Second, regardless of what is in federal code, a president can be negligent at levels equivalent to felony in the unwritten moral code of an elected leader’s obligation to his people. In that context Trump has already crossed the line.

If investigators find that Trump or his campaign organization colluded with Russia to sabotage American democracy, we will hear credible arguments that he should be impeached on grounds of treason. There may also come a point where the precedents he is setting by commingling his family and fortune with his obligations and privileges as president exceed what the Courts or Congress can tolerate. But Trump has already stepped into impeachable territory by giving carbon barons the right to profit by polluting the atmosphere without limit.

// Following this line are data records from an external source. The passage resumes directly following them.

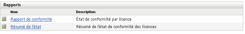 Le Centre de contrôle ZENworks comprend plusieurs rapports prédéfinis que vous pouvez utiliser pour analyser le niveau de conformité des logiciels dans votre zone de gestion. Ces rapports sont regroupés selon leur fonction. Les rapports disponibles sont les suivants :
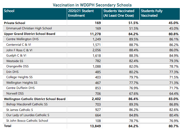 Across the region, there are an estimated 11,176 high school students who are vaccinated with two doses; 484 with only a single dose; and 2,189 students who have not yet received a single dose.
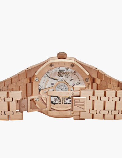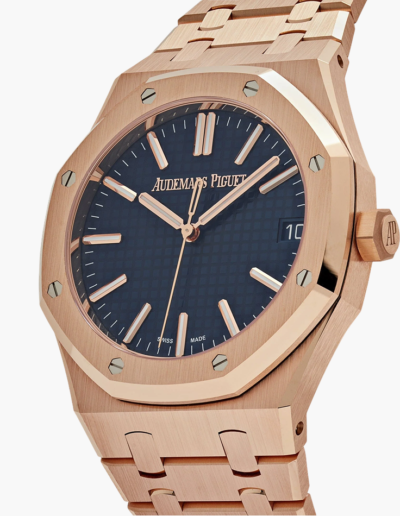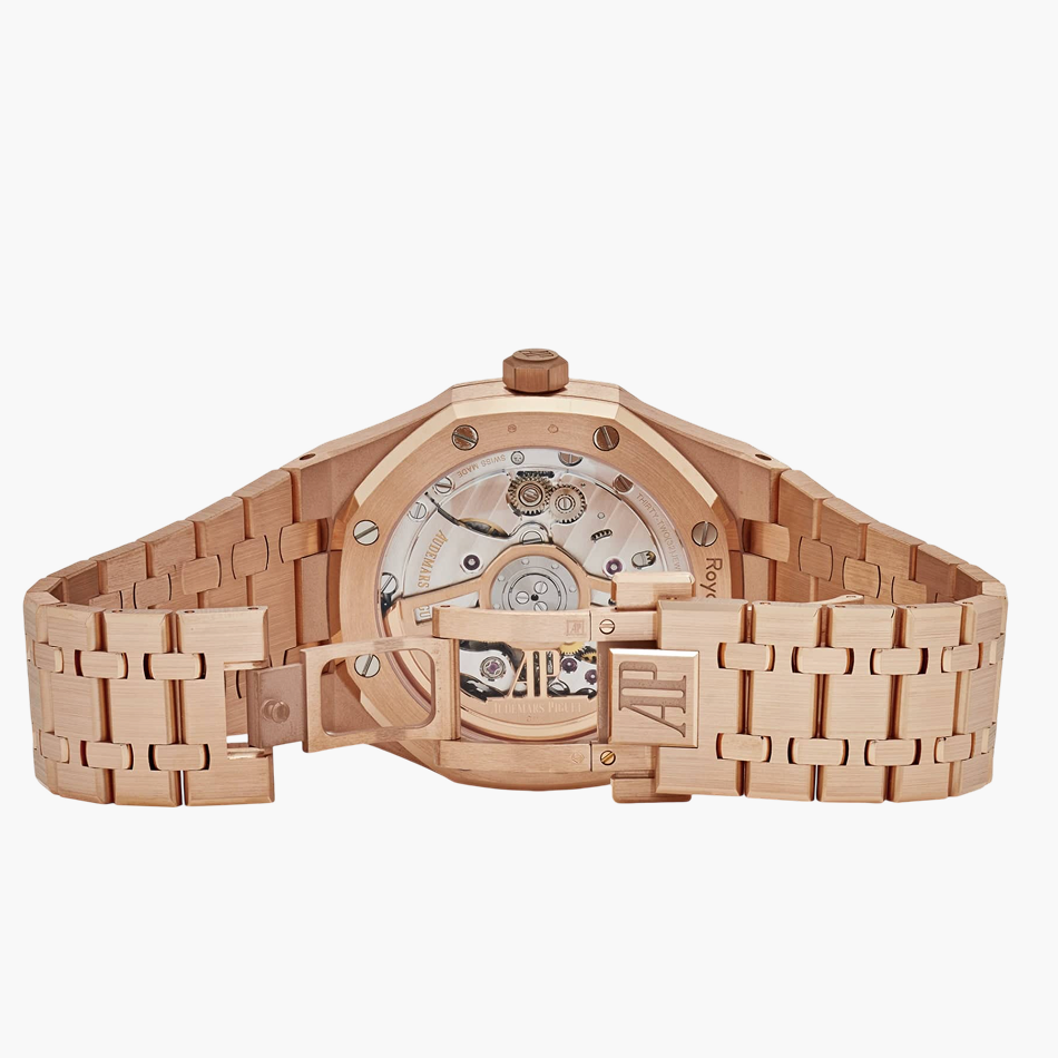 Pink gold hour-markers and Royal Oak hands, graced with luminescent coating, ensure effortless readability in any setting. The date window at 3 o’clock seamlessly integrates into the dial, maintaining a perfect balance of form and function.
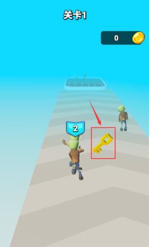 3、操控角色拾取紅框黃鑰匙,完成關(guān)卡1收集任務(wù)。
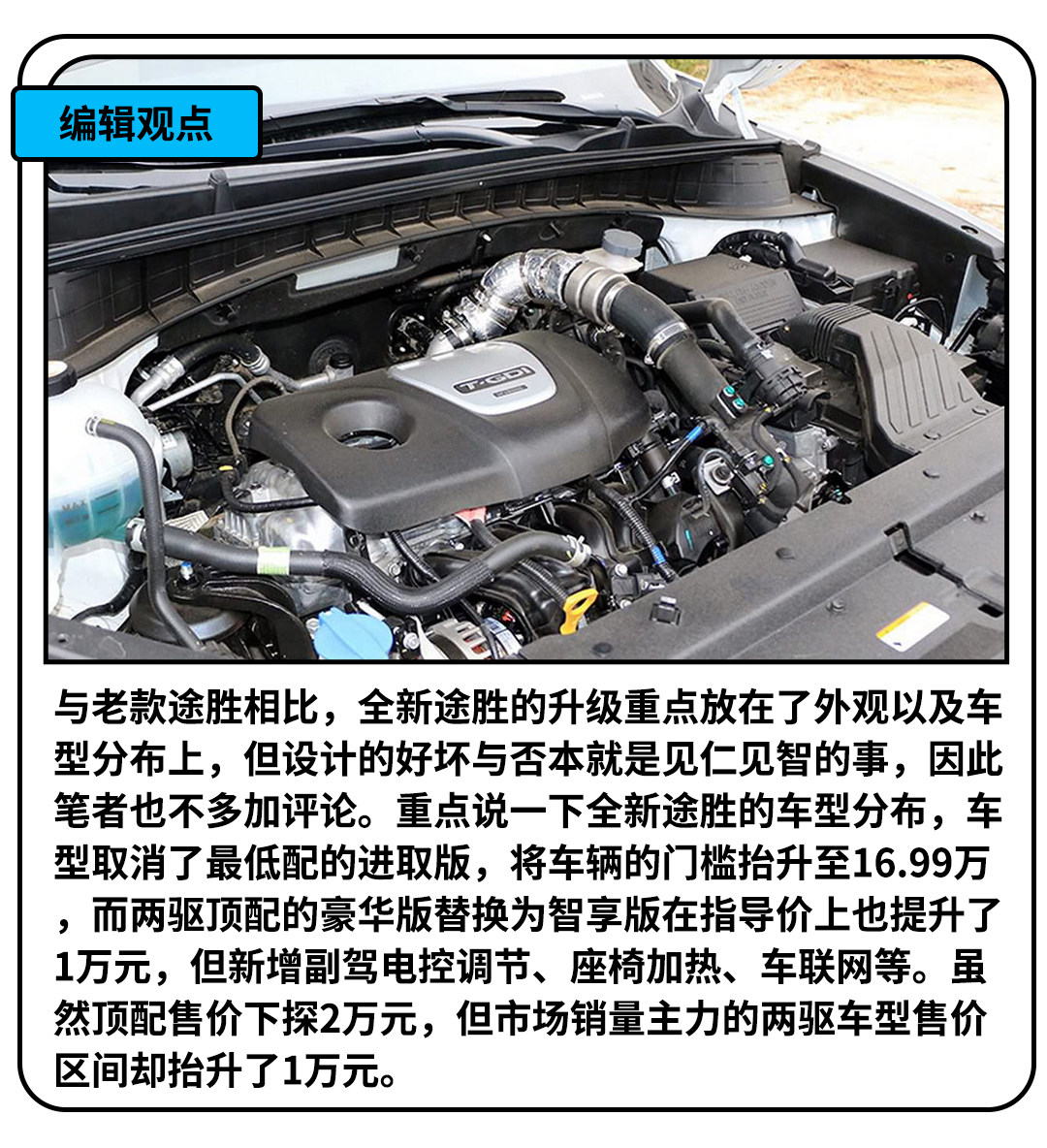 近日,北京现代宣布新款途胜正式上市,车辆售价区间为16.99-21.99万。相比现款,新款途胜对车型设计进行了重新设计,并且新车取消了原有的进取版和豪华版,追加了一款智享版车型。内饰和车身尺寸则与老款维持一致,动力方面则继续搭载1.6T+7DCT的动力总成。
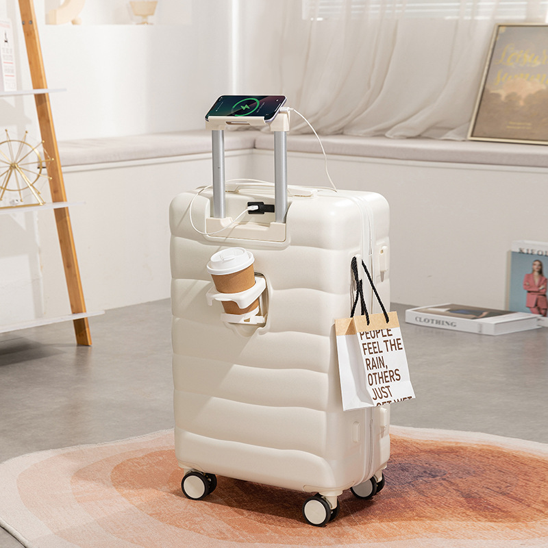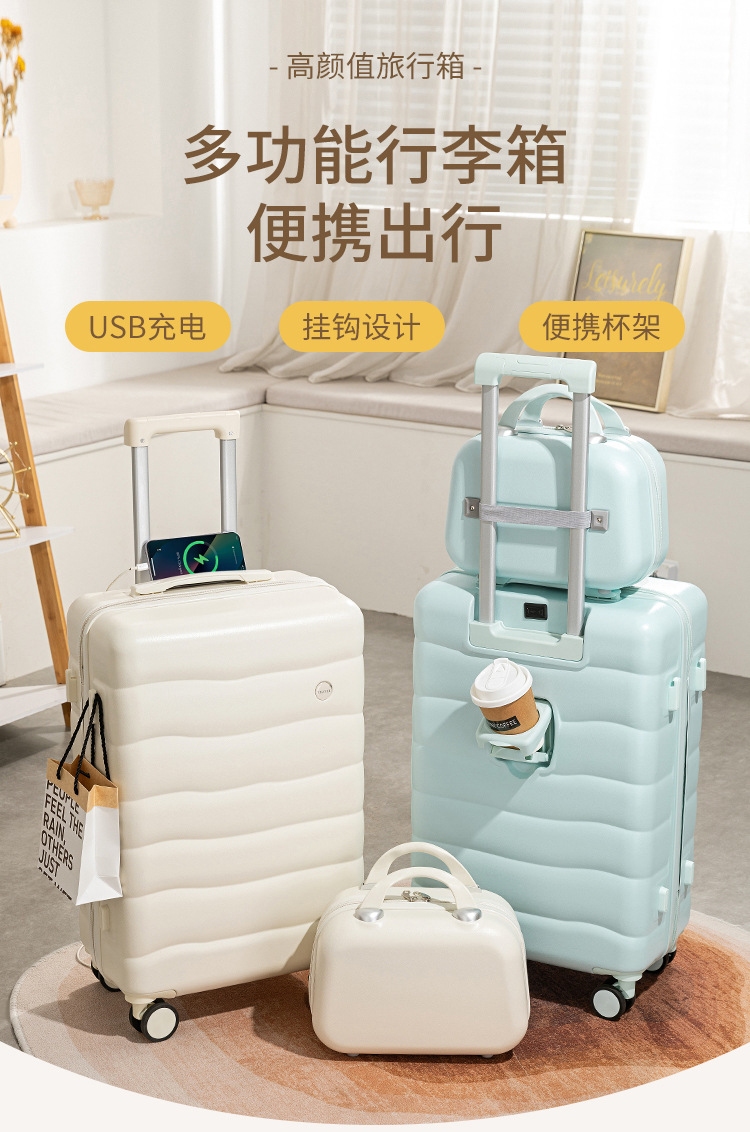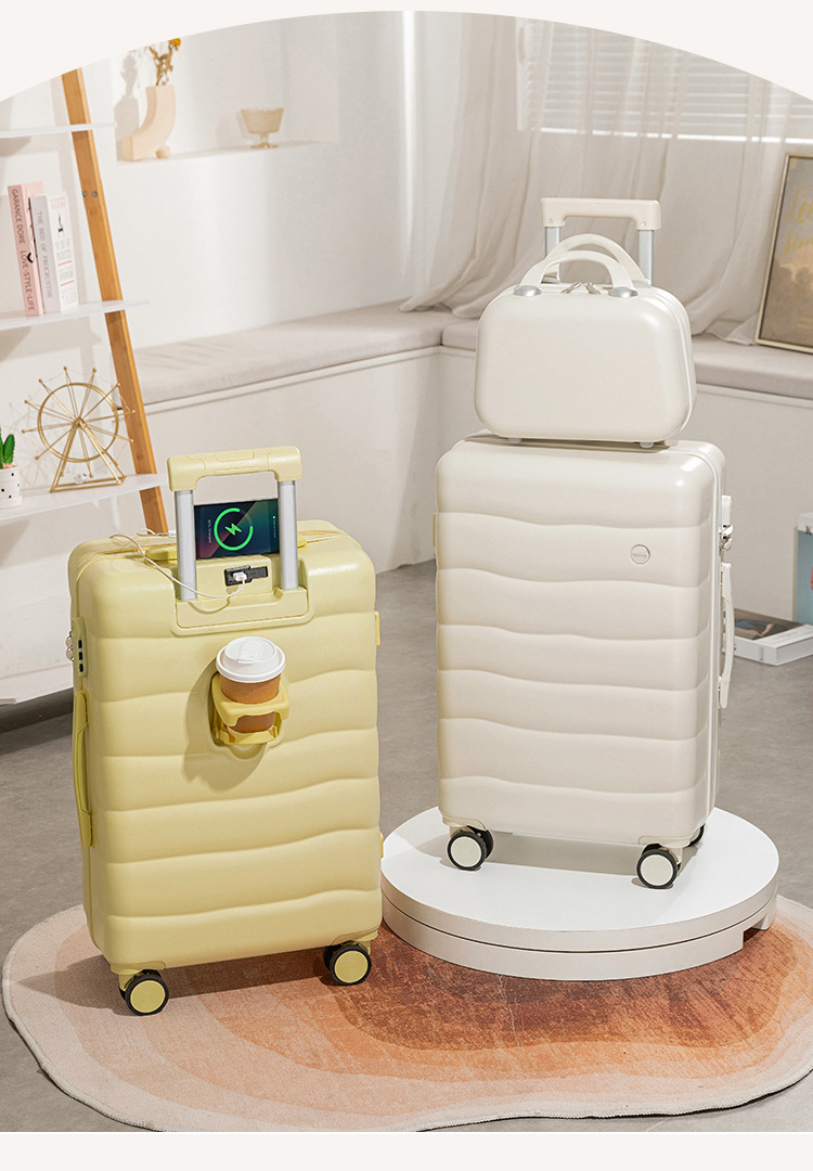 수하물 케이스 학생 24 인치 신선한 캔디 컬러 가방 여성용 컵 홀더와 다기능 트롤리 케이스

As the Heritage Foundation’s Guide to the Constitution explains:

“A plausible reading supported by many scholars is that the grounds for impeachment can be not only the defined crimes of treason and bribery, but also other criminal or even noncriminal behavior amounting to a serious dereliction of duty.”

Thanks to Trump, it is now America’s official policy to discredit and defund climate science and to pretend despite all evidence to the contrary that climate change does not exist. His dereliction of duty is clear.

There is no provision in the Constitution that allows the American people to recall a president; only Congress can remove a president from office. The Republicans who control Congress now have two choices to keep faith with their own obligations to the American people, present and future. They can pass laws to override Trump and revive the government’s efforts to mitigate climate risks, or they can begin impeachment proceedings.

The Constitution obligates Congress to keep a president from abusing his or her power. If the Majority Party fails in that responsibility, it should be removed from office, too.